Background of Berkshire Hathaway Inc:
Berkshire Hathaway Inc (Berkshire) is a holding company that is engaged in a number of business activities that include Insurance, Utilities and Energy, as well as other Manufacturing Servicing and Retailing activities. A recent acquisition of a a 4.4$ billion take over of U.S chewing gum company Wrigley with a deal made with Mars chocolate company proves how well the company diversifies its business activities in different lines successfully.
Berkshire Hathaway Inc, was originally incporporated as Berkshire Manufacturing Company back in 1889 in the state of Massachussets.
In 1929, other textile manufacturers such as Valley falls Company,Greylock Mills and Fort Drummer Mills merged into the coporation which was then known as Berkshire Fine spinning Associates and they accounted for over 20% of the fine cotton textile production in the United States of America.

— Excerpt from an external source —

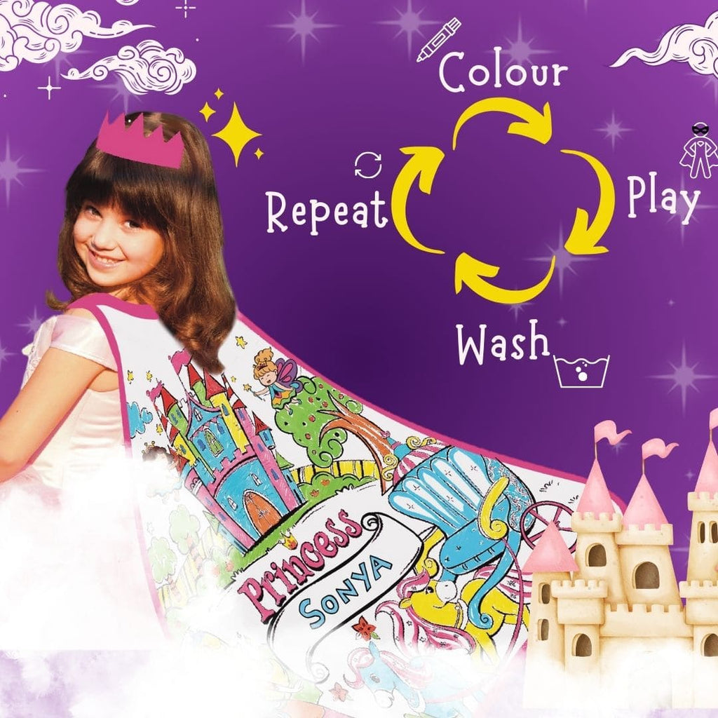 - High Quality - My Princess Cape Kit is made from high-quality materials that are designed to last. The fine cotton cape is soft and comfortable, with a durable Velcro neck closure that ensures a secure fit. The washable non-toxic markers are of excellent quality, producing bright and vibrant colors that will not fade or smudge, even after multiple washes.

In 1965, after years of poor perfomance due to factors that included the great depression in the 1930s, a major change occurred in the company?s management when a partnership led by the investor Warren Buffet after several disputes with the Stanton Family, purchased enough stock to control the Berkshire Company.The company?s operations were then moved to Omaha, Nebraska where Warren Buffet was based.
In 1967, the company entered the insurance segment, acquiring National Indemnity and National Fire and Marine Insurance Company for a sum of 8.5$ million dollars and in 1968, made a significant move in taking over Sun Newspapers.Warren Buffet in 1969, became the chairman of Berkshire Hathaway Inc.
In the years to come, several related businesses were acquired such as Cypress Insurance Company and in the newspaper business,Buffalo Evening News which was purchased through Blue Chip Stamps.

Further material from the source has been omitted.